4. The early flier catches the breaks
Two things never change about airlines: They run better earlier in the day and you’re always at highest risk when you book the last flight of the day.
Look at the most recent Air Travel Consumer Report, the Transportation Department’s monthly compilation of airline and airport operations. It’ll tell you the same thing that it told you 30 years ago: Airports operate most efficiently in the morning, and delays pile up as the business day progresses. That’s because domestic aircraft routinely fly several segments a day. Delays accumulate as planes move from point to point.
The “last flight” rule? That’s just common sense. If you push your schedule to its breaking point and book the final flight of the night, what happens if it cancels? You’re stuck. Airlines work hard to get their last flights out because they want aircraft properly positioned for the first departure the next day, but they can recover if they must dump the last flight. Your schedule? Not so much.
5. Buy only as much lodging as you need
My clunky metaphor about life on the road is that airlines drive the bus.

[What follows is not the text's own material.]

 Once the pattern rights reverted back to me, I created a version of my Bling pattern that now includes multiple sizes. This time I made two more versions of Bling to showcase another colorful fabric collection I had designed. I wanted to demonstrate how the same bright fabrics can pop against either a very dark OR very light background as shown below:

We spend so much time adjusting our schedules to theirs that we often pay too little attention to lodging options. That’s a costly and often uncomfortable mistake.

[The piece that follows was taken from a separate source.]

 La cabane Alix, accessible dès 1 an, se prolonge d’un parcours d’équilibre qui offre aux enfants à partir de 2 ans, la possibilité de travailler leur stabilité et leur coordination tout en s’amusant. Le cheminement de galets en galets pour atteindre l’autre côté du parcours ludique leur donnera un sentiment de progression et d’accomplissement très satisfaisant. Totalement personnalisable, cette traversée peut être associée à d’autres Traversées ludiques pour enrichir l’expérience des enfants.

The lodging industry has done what we contend we want the airlines to do: Give us the options we want at the prices we want to pay. Our lodging options are endless. There’s a brand and a hotel concept every few dollars along the pricing spectrum. A generation ago, our choice was “hotel” or “motel.” Now, there are all-suites hotels, extended-stay properties, numerous flavors of full-service operations and a dazzling array of what the industry calls “focused service” options.
No business traveler should stay exclusively in one type of lodging on the road. That’s bad tactical planning. Book each trip according to your needs. Some journeys will require the full-on traditional hotel complete with bellmen, in-house restaurants and extensive meeting space. Other, longer trips call for more residential-style lodging with kitchens and hang-out space. Still others may require only a good bed, a strong shower and a quick breakfast the next morning. Buy exactly as much lodging as you need for each trip. It’s better for your budget and your physical and mental well-being.

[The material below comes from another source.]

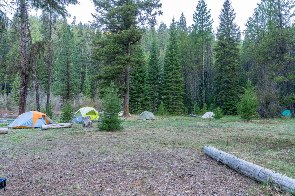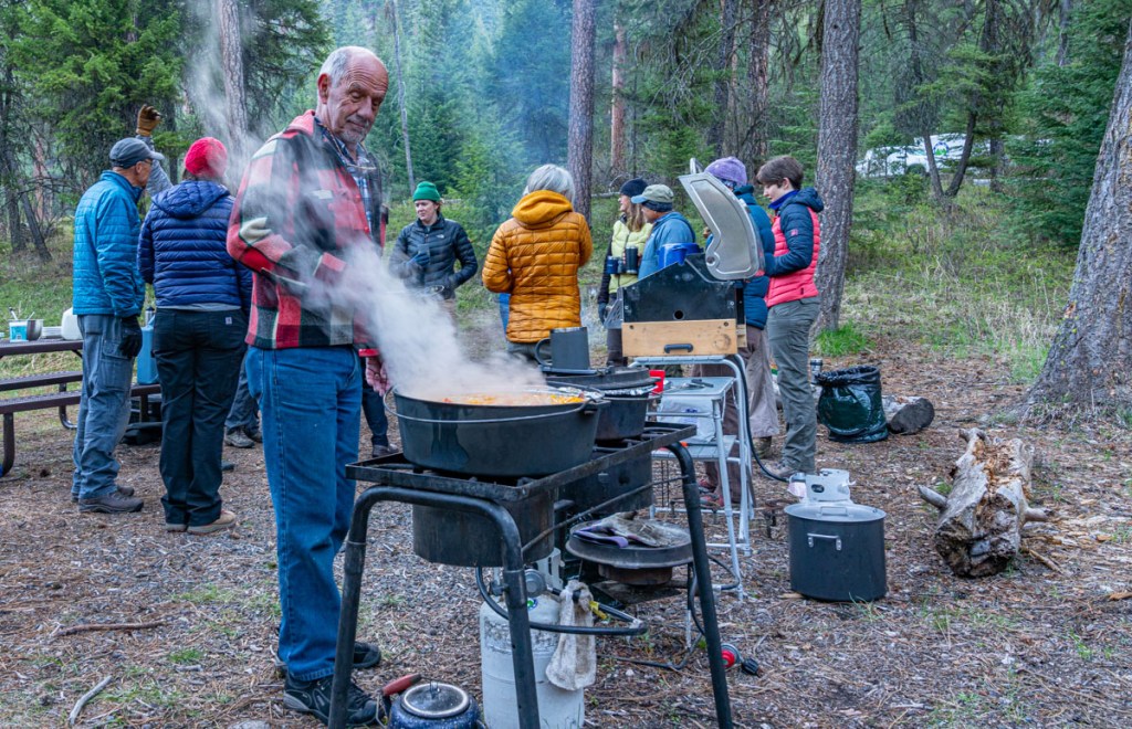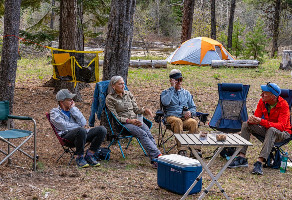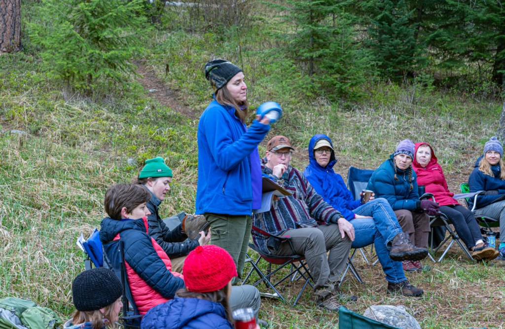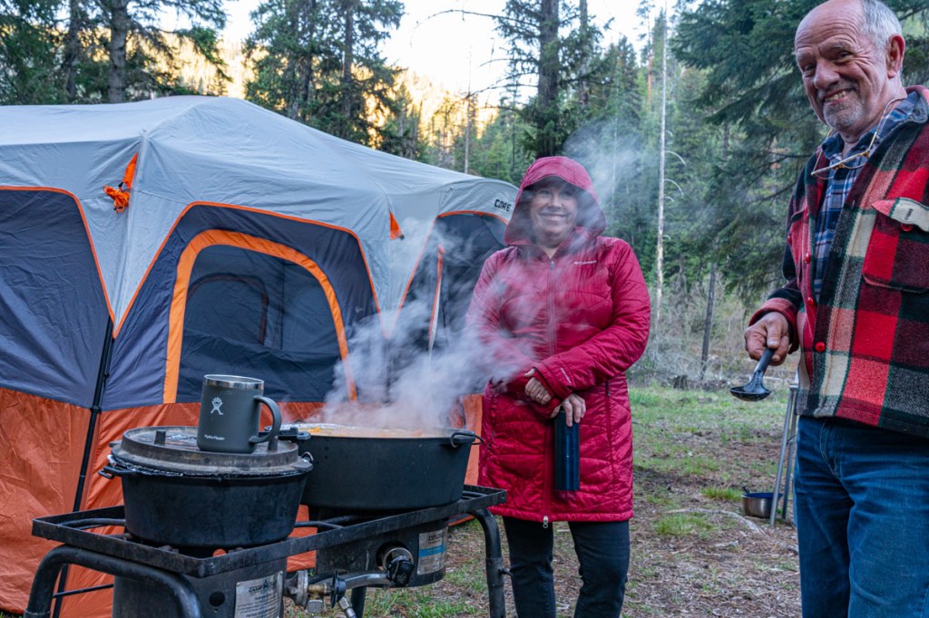The next morning, welcome to the Idaho Mountains in May! Puffy coats and coffee!

6. Don’t play if you’re paying interest
Frequency programs stopped being about airline and hotel loyalty years ago. The vast majority of points and miles — upwards of two-thirds, in fact — are now generated by other activities. And the vast majority of those credits, perhaps 90 percent, are created by credit card spending.
Playing your cards right is key to maximizing your ability to turn your business travel into free flights and free hotel rooms. But if you roll over your credit card balances each month and pay interest, you shouldn’t use airline and hotel cards. It’s financial suicide.
In common scenarios, your rate of return on airline and hotel credit cards is 3 or 4 percent. If you’re smart and savvy (and lucky), the payout can reach 6 or 8 percent. But the average interest rate that credit cards charge is north of 15 percent. Airline and hotel card rate are frequently higher. If you carry balances, concentrate on finding cards with the lowest possible interest rate, not miles or points.
7. Tip better and tip often
We’re all business people, so what part of tipping don’t you understand? The better you tip and the more frequently you do it, the better service you’ll receive from everyone: underpaid maids at your hotel, basement-dwelling baristas at your favorite airport coffee bar, the shoeshine guy, even the FedEx or UPS delivery person dumping packages on your desk while you’re gone.
You’re on the road for business. Business runs on money. Why do you think service people in travel do what they do? And it’s guaranteed that you make more money than almost all of them. A few extra bucks won’t dent your budget, but it will surely mean a lot to them. And you reap the by-product of your well-considered generosity: better, faster and more attentive service.